**EXERCISE PROMPT**: Would you set down the data that follows, word for word, without any pictures?

MATERIAL SHOWN START

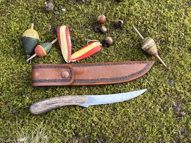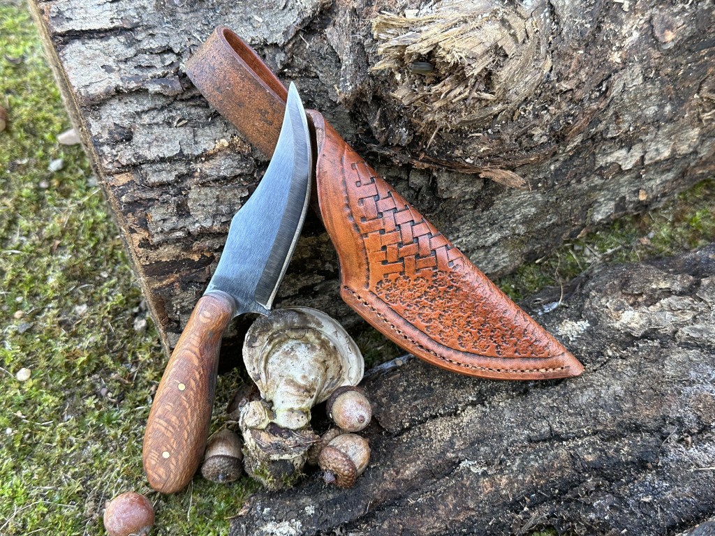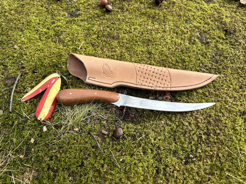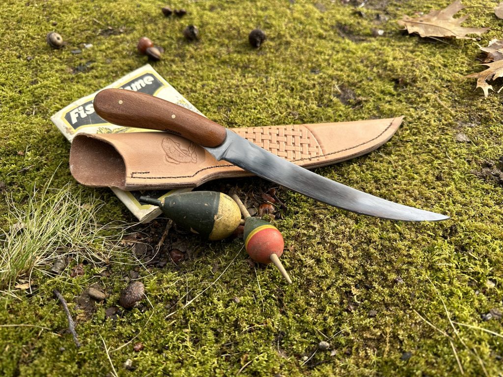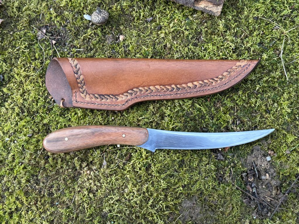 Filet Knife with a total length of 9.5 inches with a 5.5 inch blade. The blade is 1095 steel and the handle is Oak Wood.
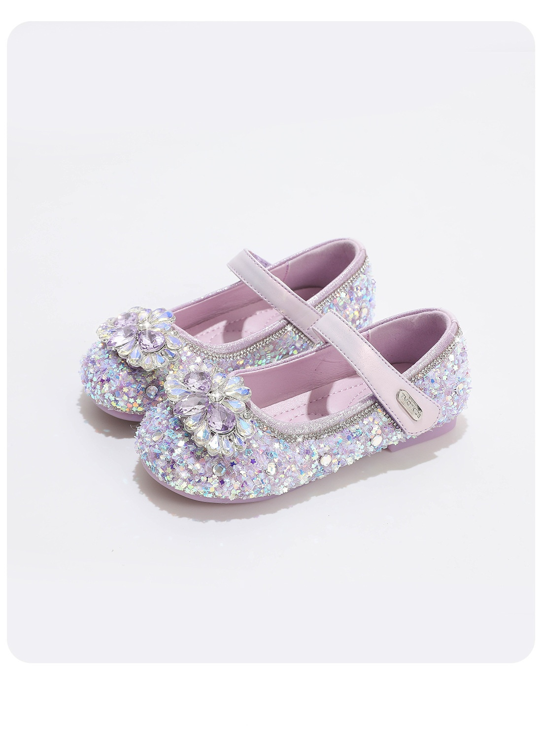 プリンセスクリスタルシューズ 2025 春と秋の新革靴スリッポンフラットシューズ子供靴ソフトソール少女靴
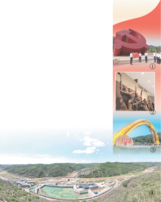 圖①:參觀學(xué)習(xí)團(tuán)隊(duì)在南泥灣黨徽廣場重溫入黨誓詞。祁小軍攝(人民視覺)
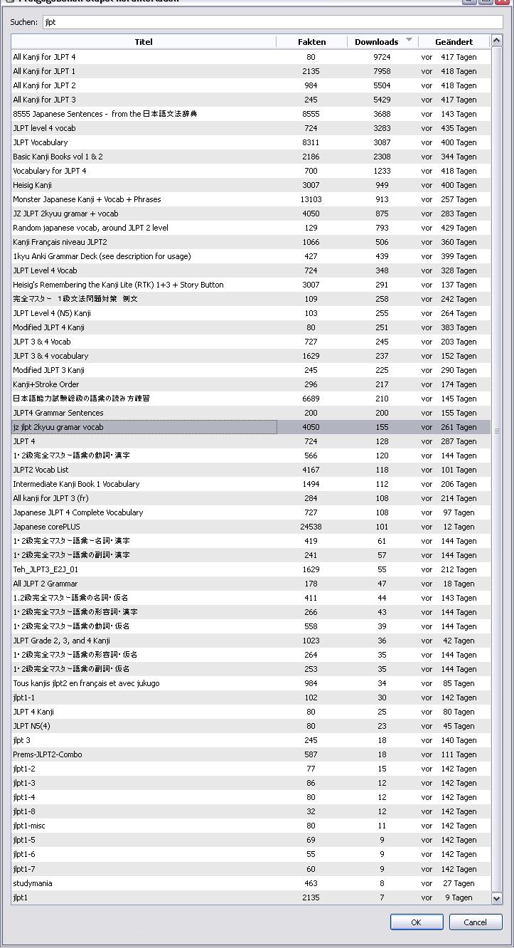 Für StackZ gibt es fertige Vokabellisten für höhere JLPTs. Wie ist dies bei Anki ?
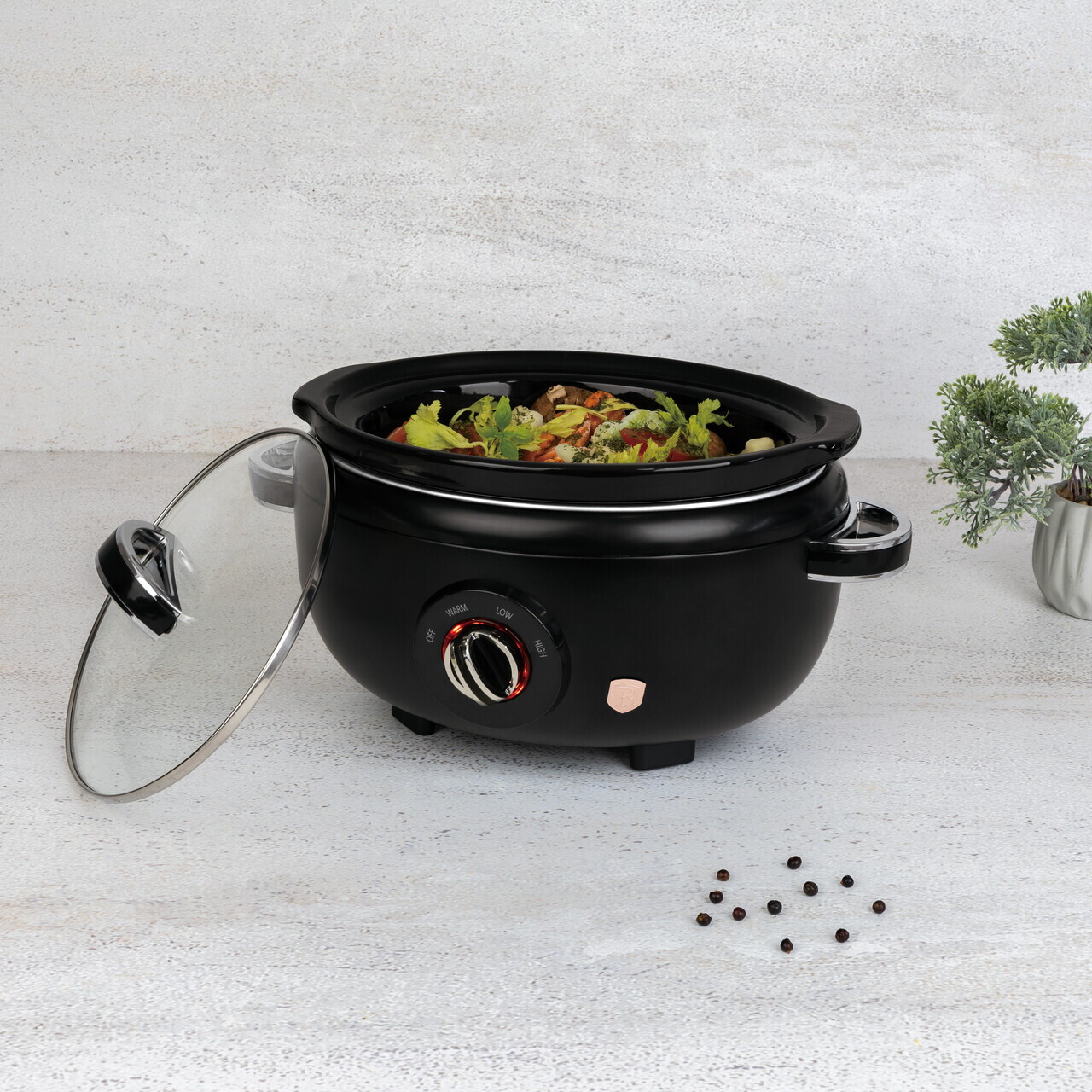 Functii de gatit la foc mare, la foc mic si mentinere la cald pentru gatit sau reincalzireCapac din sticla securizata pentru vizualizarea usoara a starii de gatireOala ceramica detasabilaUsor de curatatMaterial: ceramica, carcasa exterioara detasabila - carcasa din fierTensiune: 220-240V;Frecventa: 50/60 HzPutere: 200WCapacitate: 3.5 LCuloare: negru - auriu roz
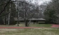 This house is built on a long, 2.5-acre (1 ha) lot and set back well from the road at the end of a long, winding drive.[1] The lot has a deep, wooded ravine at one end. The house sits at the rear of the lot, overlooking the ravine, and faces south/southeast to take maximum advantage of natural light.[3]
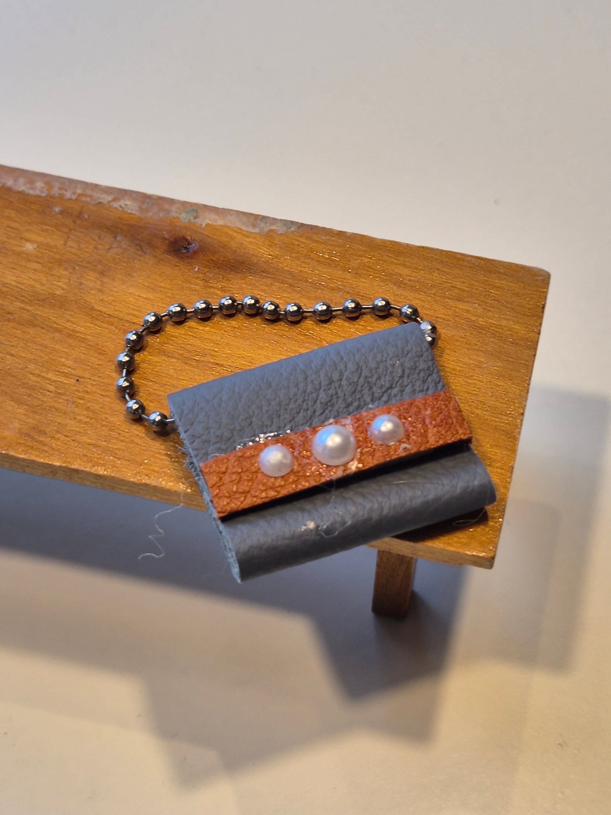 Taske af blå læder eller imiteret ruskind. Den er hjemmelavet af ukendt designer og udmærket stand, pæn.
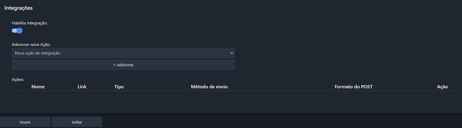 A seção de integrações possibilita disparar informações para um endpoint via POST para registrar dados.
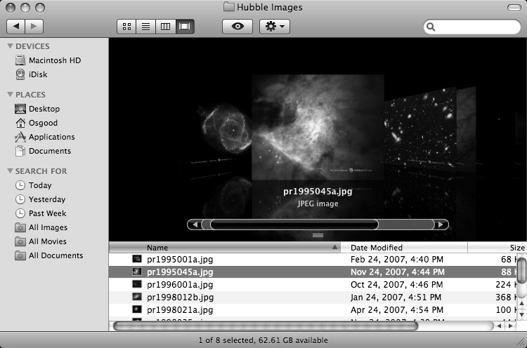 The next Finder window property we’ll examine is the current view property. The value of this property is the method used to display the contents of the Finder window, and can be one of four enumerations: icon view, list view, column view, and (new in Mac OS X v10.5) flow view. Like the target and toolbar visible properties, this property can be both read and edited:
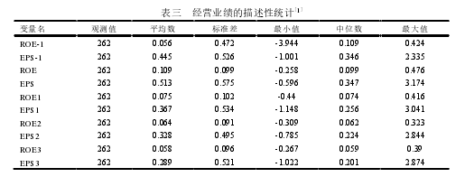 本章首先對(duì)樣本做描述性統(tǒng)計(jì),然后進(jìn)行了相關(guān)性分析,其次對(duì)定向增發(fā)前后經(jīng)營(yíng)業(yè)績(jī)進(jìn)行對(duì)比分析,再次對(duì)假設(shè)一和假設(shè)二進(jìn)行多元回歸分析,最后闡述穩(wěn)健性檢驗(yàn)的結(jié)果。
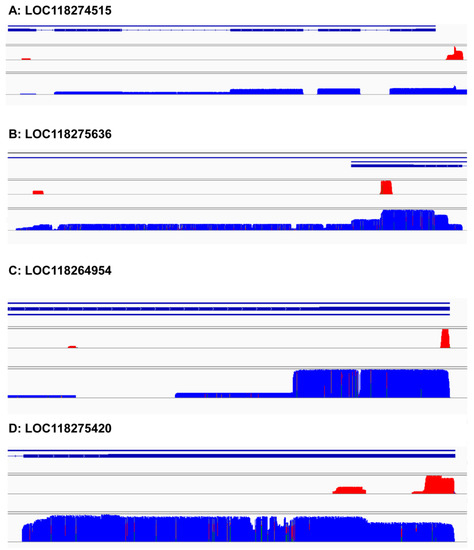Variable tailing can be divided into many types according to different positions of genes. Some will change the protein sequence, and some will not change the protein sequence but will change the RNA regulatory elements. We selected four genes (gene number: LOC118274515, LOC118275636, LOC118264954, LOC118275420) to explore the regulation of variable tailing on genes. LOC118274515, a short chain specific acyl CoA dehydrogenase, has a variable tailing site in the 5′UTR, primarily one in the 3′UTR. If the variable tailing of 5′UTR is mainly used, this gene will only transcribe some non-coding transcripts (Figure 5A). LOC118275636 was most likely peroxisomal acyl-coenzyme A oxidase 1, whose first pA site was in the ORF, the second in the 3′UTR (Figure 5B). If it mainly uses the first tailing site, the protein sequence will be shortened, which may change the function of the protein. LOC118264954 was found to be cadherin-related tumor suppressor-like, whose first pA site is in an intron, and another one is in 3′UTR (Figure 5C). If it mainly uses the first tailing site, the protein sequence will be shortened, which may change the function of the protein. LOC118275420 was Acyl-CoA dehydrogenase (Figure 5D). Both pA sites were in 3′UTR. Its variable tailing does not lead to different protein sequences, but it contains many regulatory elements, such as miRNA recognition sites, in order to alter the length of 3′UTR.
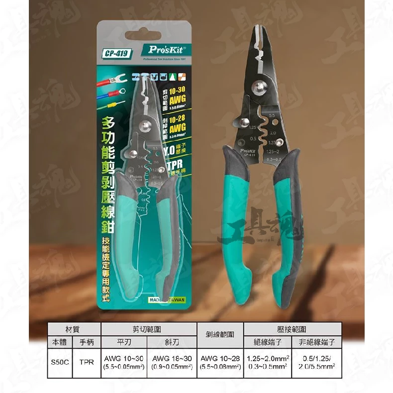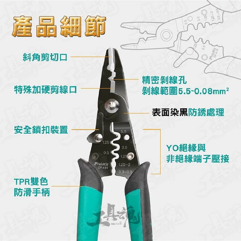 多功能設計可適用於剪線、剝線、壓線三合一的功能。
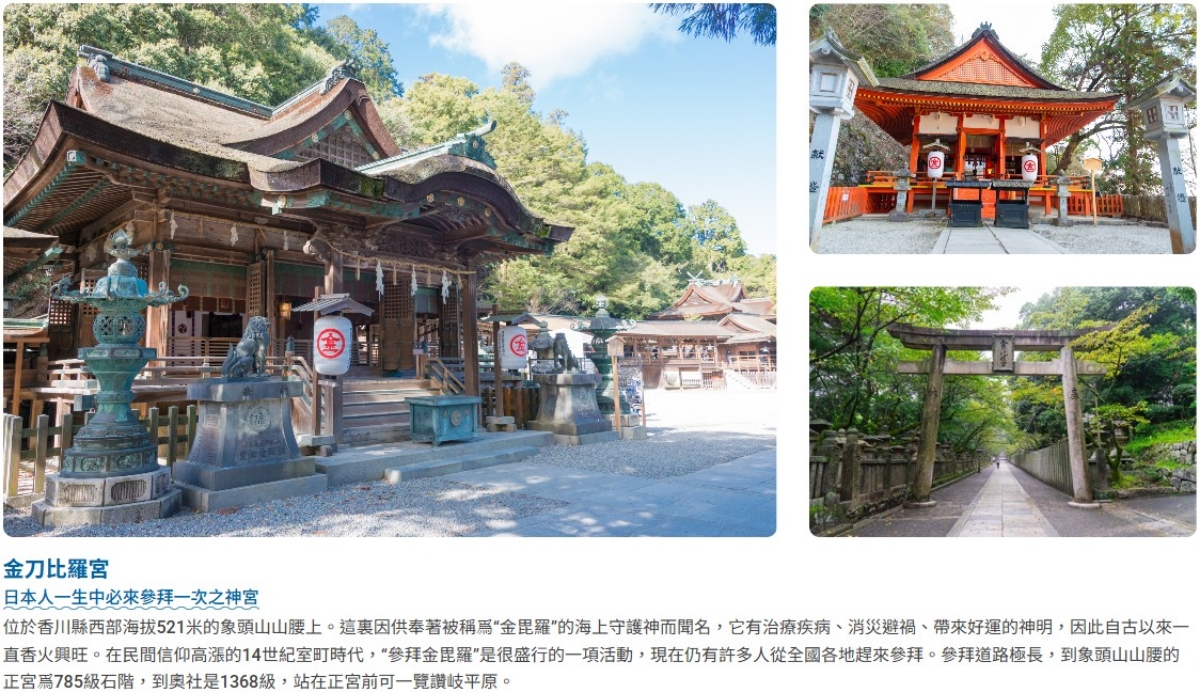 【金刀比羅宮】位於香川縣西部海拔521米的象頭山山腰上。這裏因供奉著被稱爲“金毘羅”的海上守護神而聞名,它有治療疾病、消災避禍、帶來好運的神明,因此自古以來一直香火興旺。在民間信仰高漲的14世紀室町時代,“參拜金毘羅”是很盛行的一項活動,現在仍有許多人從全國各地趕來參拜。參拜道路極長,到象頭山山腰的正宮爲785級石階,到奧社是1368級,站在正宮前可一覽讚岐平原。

MATERIAL SHOWN END

**RESPONSE BELOW**:
 Filet Knife with a total length of 9.5 inches with a 5.5 inch blade. The blade is 1095 steel and the handle is Oak Wood.
 プリンセスクリスタルシューズ 2025 春と秋の新革靴スリッポンフラットシューズ子供靴ソフトソール少女靴
 圖①:參觀學(xué)習(xí)團(tuán)隊(duì)在南泥灣黨徽廣場重溫入黨誓詞。祁小軍攝(人民視覺)
 Für StackZ gibt es fertige Vokabellisten für höhere JLPTs. Wie ist dies bei Anki ?
 Functii de gatit la foc mare, la foc mic si mentinere la cald pentru gatit sau reincalzireCapac din sticla securizata pentru vizualizarea usoara a starii de gatireOala ceramica detasabilaUsor de curatatMaterial: ceramica, carcasa exterioara detasabila - carcasa din fierTensiune: 220-240V;Frecventa: 50/60 HzPutere: 200WCapacitate: 3.5 LCuloare: negru - auriu roz
 This house is built on a long, 2.5-acre (1 ha) lot and set back well from the road at the end of a long, winding drive.[1] The lot has a deep, wooded ravine at one end. The house sits at the rear of the lot, overlooking the ravine, and faces south/southeast to take maximum advantage of natural light.[3]
 Taske af blå læder eller imiteret ruskind. Den er hjemmelavet af ukendt designer og udmærket stand, pæn.
 A seção de integrações possibilita disparar informações para um endpoint via POST para registrar dados.
 The next Finder window property we’ll examine is the current view property. The value of this property is the method used to display the contents of the Finder window, and can be one of four enumerations: icon view, list view, column view, and (new in Mac OS X v10.5) flow view. Like the target and toolbar visible properties, this property can be both read and edited:
 本章首先對(duì)樣本做描述性統(tǒng)計(jì),然后進(jìn)行了相關(guān)性分析,其次對(duì)定向增發(fā)前后經(jīng)營(yíng)業(yè)績(jī)進(jìn)行對(duì)比分析,再次對(duì)假設(shè)一和假設(shè)二進(jìn)行多元回歸分析,最后闡述穩(wěn)健性檢驗(yàn)的結(jié)果。
Variable tailing can be divided into many types according to different positions of genes. Some will change the protein sequence, and some will not change the protein sequence but will change the RNA regulatory elements. We selected four genes (gene number: LOC118274515, LOC118275636, LOC118264954, LOC118275420) to explore the regulation of variable tailing on genes. LOC118274515, a short chain specific acyl CoA dehydrogenase, has a variable tailing site in the 5′UTR, primarily one in the 3′UTR. If the variable tailing of 5′UTR is mainly used, this gene will only transcribe some non-coding transcripts (Figure 5A). LOC118275636 was most likely peroxisomal acyl-coenzyme A oxidase 1, whose first pA site was in the ORF, the second in the 3′UTR (Figure 5B). If it mainly uses the first tailing site, the protein sequence will be shortened, which may change the function of the protein. LOC118264954 was found to be cadherin-related tumor suppressor-like, whose first pA site is in an intron, and another one is in 3′UTR (Figure 5C). If it mainly uses the first tailing site, the protein sequence will be shortened, which may change the function of the protein. LOC118275420 was Acyl-CoA dehydrogenase (Figure 5D). Both pA sites were in 3′UTR. Its variable tailing does not lead to different protein sequences, but it contains many regulatory elements, such as miRNA recognition sites, in order to alter the length of 3′UTR.
 多功能設計可適用於剪線、剝線、壓線三合一的功能。
 【金刀比羅宮】位於香川縣西部海拔521米的象頭山山腰上。這裏因供奉著被稱爲“金毘羅”的海上守護神而聞名,它有治療疾病、消災避禍、帶來好運的神明,因此自古以來一直香火興旺。在民間信仰高漲的14世紀室町時代,“參拜金毘羅”是很盛行的一項活動,現在仍有許多人從全國各地趕來參拜。參拜道路極長,到象頭山山腰的正宮爲785級石階,到奧社是1368級,站在正宮前可一覽讚岐平原。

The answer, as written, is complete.